You work for a telecommunications company. You’re building a model to predict which customers may fail to pay their next phone bill. The purpose of this model is to proactively offer at-risk customers assistance such as service discounts and bill deadline extensions. The data is stored in BigQuery and the predictive features that are available for model training include:
– Customer_id
– Age
– Salary (measured in local currency)
– Sex
– Average bill value (measured in local currency)
– Number of phone calls in the last month (integer)
– Average duration of phone calls (measured in minutes)
You need to investigate and mitigate potential bias against disadvantaged groups, while preserving model accuracy.
What should you do?
A. Determine whether there is a meaningful correlation between the sensitive features and the other features. Train a BigQuery ML boosted trees classification model and exclude the sensitive features and any meaningfully correlated features.

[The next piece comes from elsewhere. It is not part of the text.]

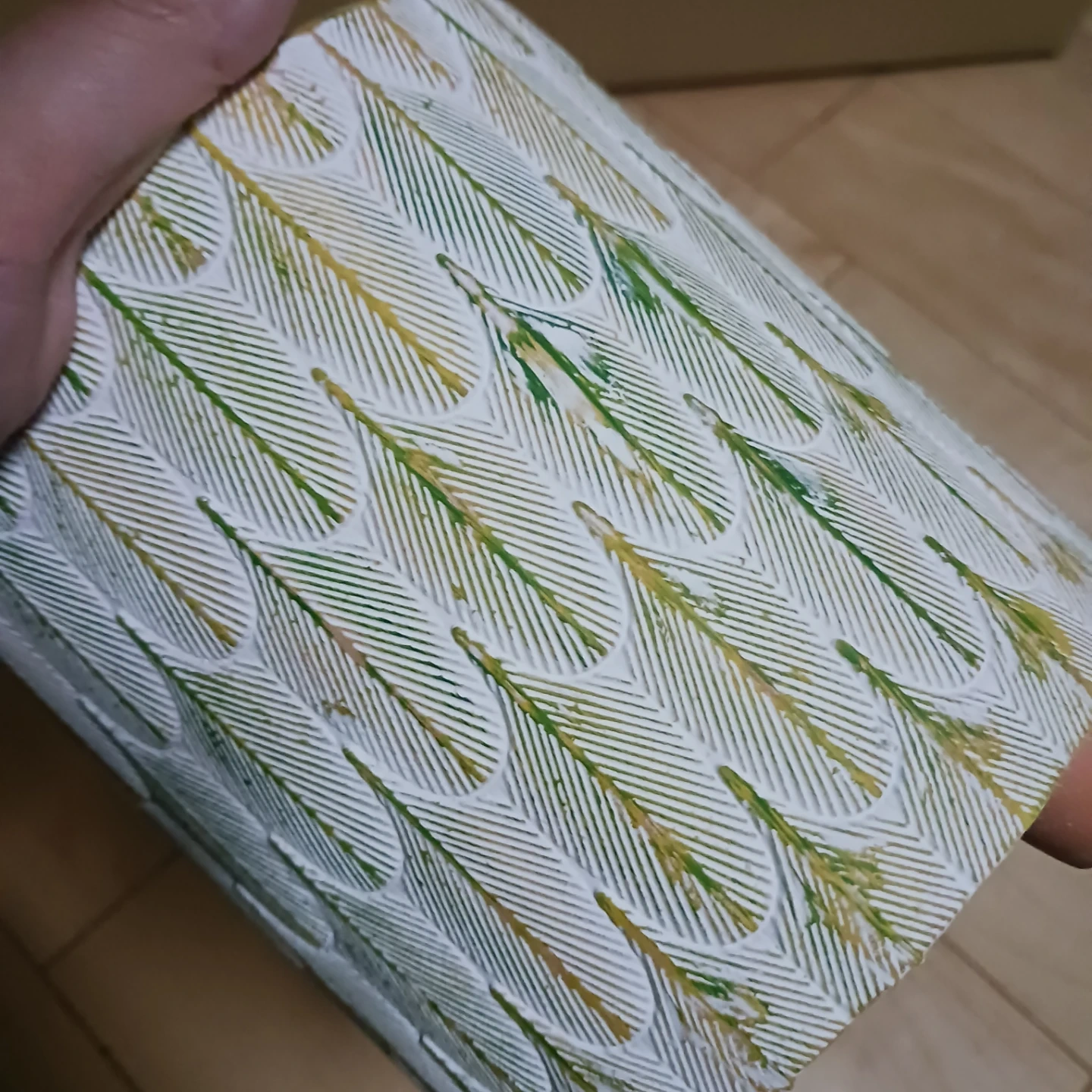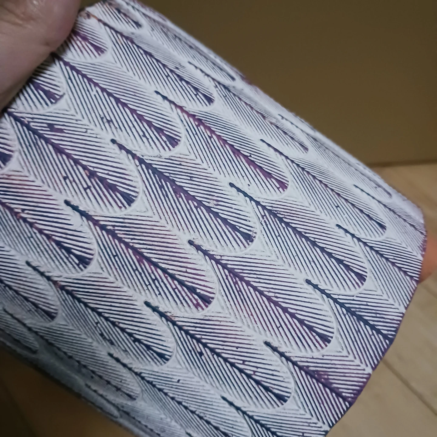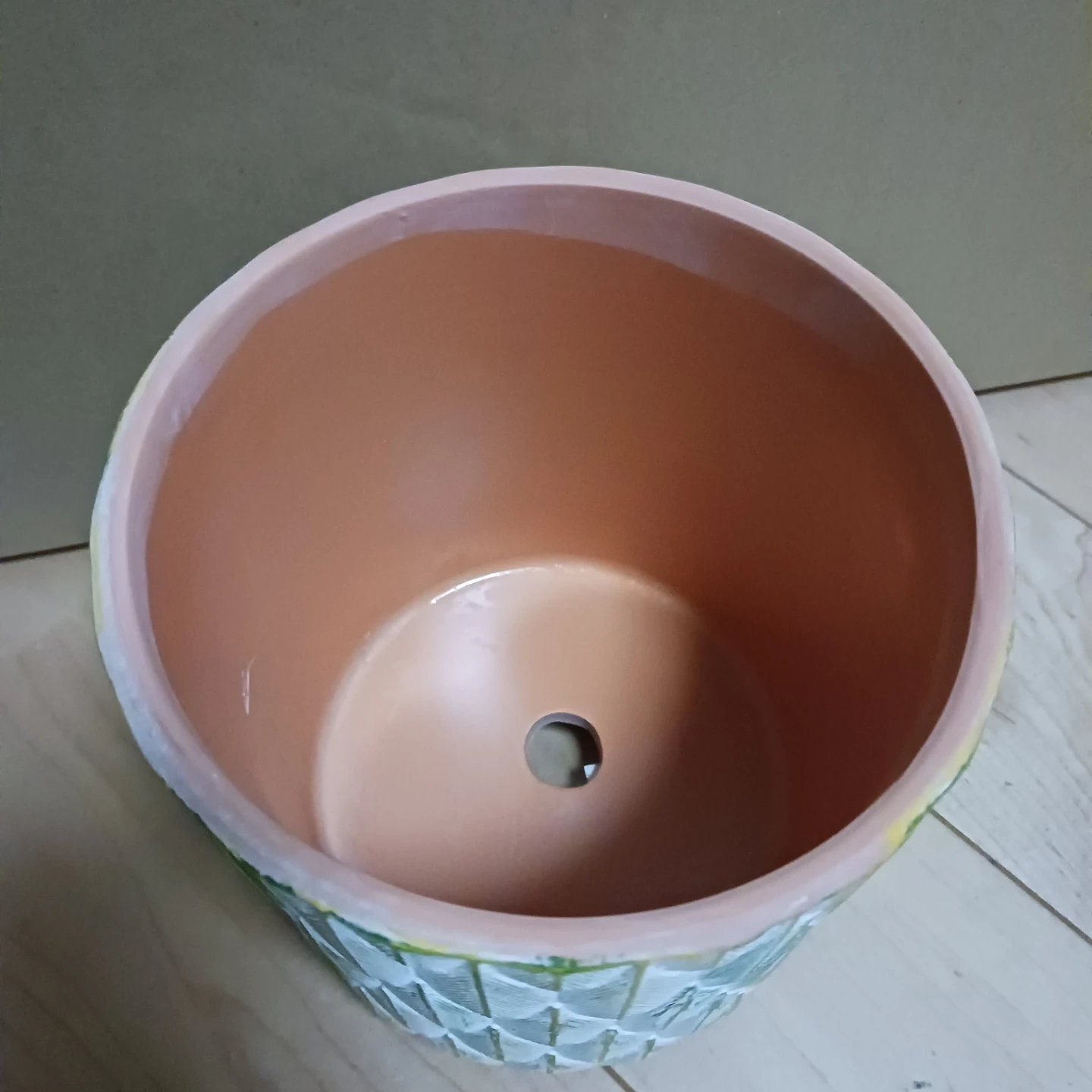 羽模様があしらわれた陶器鉢です。脚つきで見た目も良く、鉢底穴は小さいですが通気性のよい構造です。 サイズ:直径外寸13.5 内寸12cm 高さ14cm 素材:陶器 色:①グリーン、③パープル 鉢底裏にバーコードシールの一部あり

B. Train a BigQuery ML boosted trees classification model with all features. Use the ML.GLOBAL_EXPLAIN method to calculate the global attribution values for each feature of the model. If the feature importance value for any of the sensitive features exceeds a threshold, discard the model and tram without this feature.
C. Train a BigQuery ML boosted trees classification model with all features. Use the ML.EXPLAIN_PREDICT method to calculate the attribution values for each feature for each customer in a test set. If for any individual customer, the importance value for any feature exceeds a predefined threshold, discard the model and train the model again without this feature.
D. Define a fairness metric that is represented by accuracy across the sensitive features. Train a BigQuery ML boosted trees classification model with all features. Use the trained model to make predictions on a test set. Join the data back with the sensitive features, and calculate a fairness metric to investigate whether it meets your requirements.
Answer
D